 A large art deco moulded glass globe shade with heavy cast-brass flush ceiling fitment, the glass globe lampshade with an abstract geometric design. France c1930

---*---

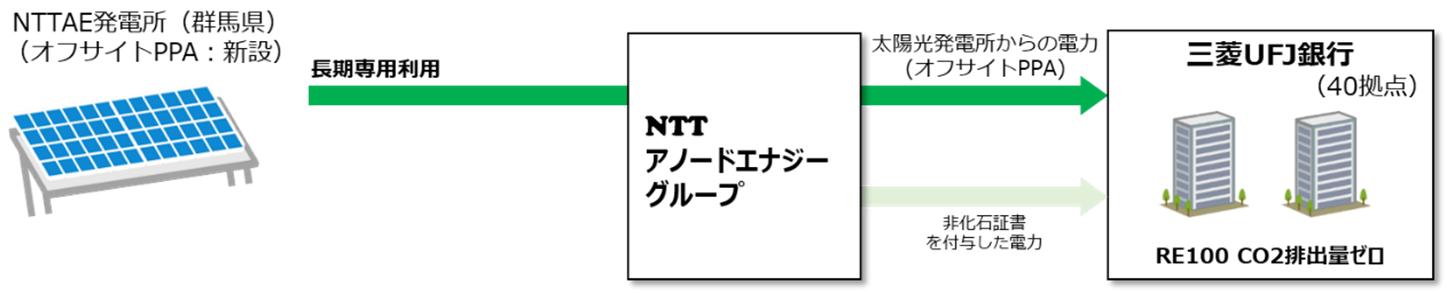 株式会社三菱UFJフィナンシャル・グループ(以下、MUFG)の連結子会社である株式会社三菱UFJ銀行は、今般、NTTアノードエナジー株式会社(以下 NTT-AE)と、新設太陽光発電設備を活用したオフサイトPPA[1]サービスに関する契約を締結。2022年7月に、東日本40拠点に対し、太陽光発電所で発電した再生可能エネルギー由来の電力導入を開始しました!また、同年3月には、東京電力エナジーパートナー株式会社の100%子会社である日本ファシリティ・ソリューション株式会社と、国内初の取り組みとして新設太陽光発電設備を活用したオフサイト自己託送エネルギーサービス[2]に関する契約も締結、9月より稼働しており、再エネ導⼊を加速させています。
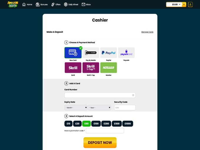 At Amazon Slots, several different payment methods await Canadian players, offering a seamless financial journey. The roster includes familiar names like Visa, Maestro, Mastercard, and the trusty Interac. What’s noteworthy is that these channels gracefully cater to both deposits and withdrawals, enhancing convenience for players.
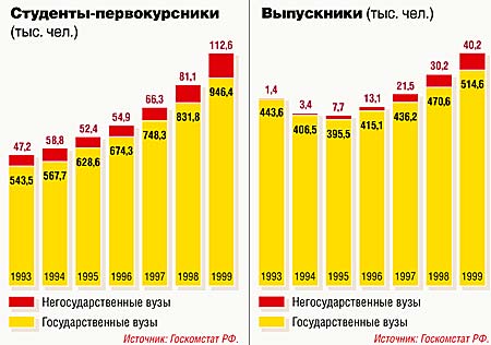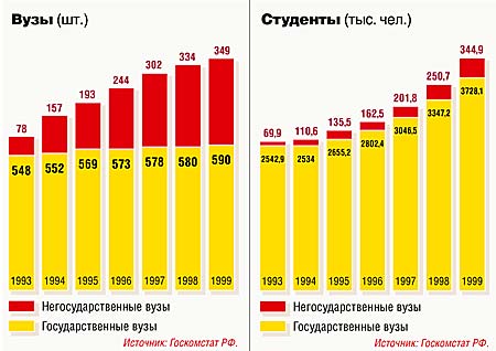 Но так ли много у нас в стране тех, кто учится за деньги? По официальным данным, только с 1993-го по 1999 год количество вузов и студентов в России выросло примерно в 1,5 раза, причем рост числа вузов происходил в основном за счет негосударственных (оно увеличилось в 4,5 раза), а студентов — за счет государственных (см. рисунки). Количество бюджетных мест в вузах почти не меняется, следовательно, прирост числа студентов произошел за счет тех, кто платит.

---*---

(ASSIGNED TASK): Copy everything above from the line holding "株式会社三菱UFJフィナンシ" down to the line holding "Но так ли много", both ends included, exactly as it stands and without the pictures.

(EXERCISE RESULT):
 株式会社三菱UFJフィナンシャル・グループ(以下、MUFG)の連結子会社である株式会社三菱UFJ銀行は、今般、NTTアノードエナジー株式会社(以下 NTT-AE)と、新設太陽光発電設備を活用したオフサイトPPA[1]サービスに関する契約を締結。2022年7月に、東日本40拠点に対し、太陽光発電所で発電した再生可能エネルギー由来の電力導入を開始しました!また、同年3月には、東京電力エナジーパートナー株式会社の100%子会社である日本ファシリティ・ソリューション株式会社と、国内初の取り組みとして新設太陽光発電設備を活用したオフサイト自己託送エネルギーサービス[2]に関する契約も締結、9月より稼働しており、再エネ導⼊を加速させています。
 At Amazon Slots, several different payment methods await Canadian players, offering a seamless financial journey. The roster includes familiar names like Visa, Maestro, Mastercard, and the trusty Interac. What’s noteworthy is that these channels gracefully cater to both deposits and withdrawals, enhancing convenience for players.
 Но так ли много у нас в стране тех, кто учится за деньги? По официальным данным, только с 1993-го по 1999 год количество вузов и студентов в России выросло примерно в 1,5 раза, причем рост числа вузов происходил в основном за счет негосударственных (оно увеличилось в 4,5 раза), а студентов — за счет государственных (см. рисунки). Количество бюджетных мест в вузах почти не меняется, следовательно, прирост числа студентов произошел за счет тех, кто платит.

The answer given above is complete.